You also had timing bias: the post got only 20 upvotes, so it likely did not stay on the front page for that long. For the few hours it was there, most of the developers around the world were asleep or away from HN.

That is not to say, that your results are not interesting/thought provoking. Just pointing out that they are most likely not statistically significant in any way. As in, don't say "we should take pain X away because it got more votes than pain Y".

> OAuth (oh wow, do you hate OAuth)

If you hate OAuth, try DSSID: http://dswi.net/

DSSID is just authentication. Most APIs need authorization, that is, a way for humans to let some client access their account on another service.

For authentication, I still prefer OpenID, especially since it's distributed (both BrowserID and DSSID tie you to a single provider).

It's true that DSSID is only authentication (for now).

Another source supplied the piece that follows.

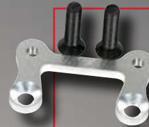
SRC-2810 Left Front Caliper Mount for 10 7/8" Rotor w/Allen Bolts

SRC-2932 Clamp Style Splined Inboard Rotor Mount for 8 on 7" B.C.

But I will be releasing the code once it has stabilized so anyone will be able to run a DSSID server.
Yes, but the site has to link to the server. So either the user has accounts on every DSSID server - losing the SSO advantages - or everyone uses the same server.

If you let the users choose their own server (by putting its URL), then you've just reinvented OpenID.

The difference is that your identity is not bound to the server, it's bound to your DSSID key, which resides (encrypted) in your browser's localStorage. So you can move your (public) key to any server and retain your identity.
But the user still needs to copy the data between servers, no?And what happens if the personal clears all the cookies in FF and deletes the Local Storage?

Wouldn't it be better to use a personal cert?

> But the user still needs to copy the data between servers, no?

Yes, if you want to use multiple servers you need to get your data on multiple servers. But that's just a consequence of the laws of physics. It has nothing to do with DSSID.

> And what happens if the personal clears all the cookies in FF and deletes the Local Storage?

If they haven't made a backup copy of their key then they are screwed. You can't stop people from deliberately shooting themselves in the foot. If they have made a backup copy of their key then they can just re-import it.

> Wouldn't it be better to use a personal cert?

All else being equal yes. But the UI/UX for certs is so hopelessly bad that not even technically savvy people use them. DSSID's goal is to be secure and simple. That's a currently unoccupied point in the design space. (It's not easy to do.)

I don't understand why something so simple of an idea like OAuth should be so difficult and painful to implement. I hate it. We need a different solution, or a better reference implementation.
I spent an hour last night struggling with making OAuth client calls to Google (Picasaweb). I don't think a different solution is needed; I think Google just needs to implement the IETF spec correctly and provide better diagnostics. I don't know if Google started from a reference implementation.
I had issues with the Posterous API (though I shelved that work a while back):

* The basic authorization didn't follow spec. Some frameworks handled this well (Perl's LWP::UserAgent), while others didn't (Python's urllib2 and httplib2). Apparently you're supposed to try the page w/o auth, get a 401 response back, then send the auth credentials, but Posterous' API was not doing this.

* Once you have an auth token, the API wouldn't allow me to authorize with it. I ended up sending basic auth for each API call for non-public calls.

* Some of the API calls would return 500 errors (namely the subscription related ones).

Granted this was prior to them releasing their snazzy new interactive API test page. I haven't gone back to touch that project since then, though I imagine that issues like this are common to a lot of APIs. How many of them are found and patched depends on how many developers are using the API and how responsive the API dev team is.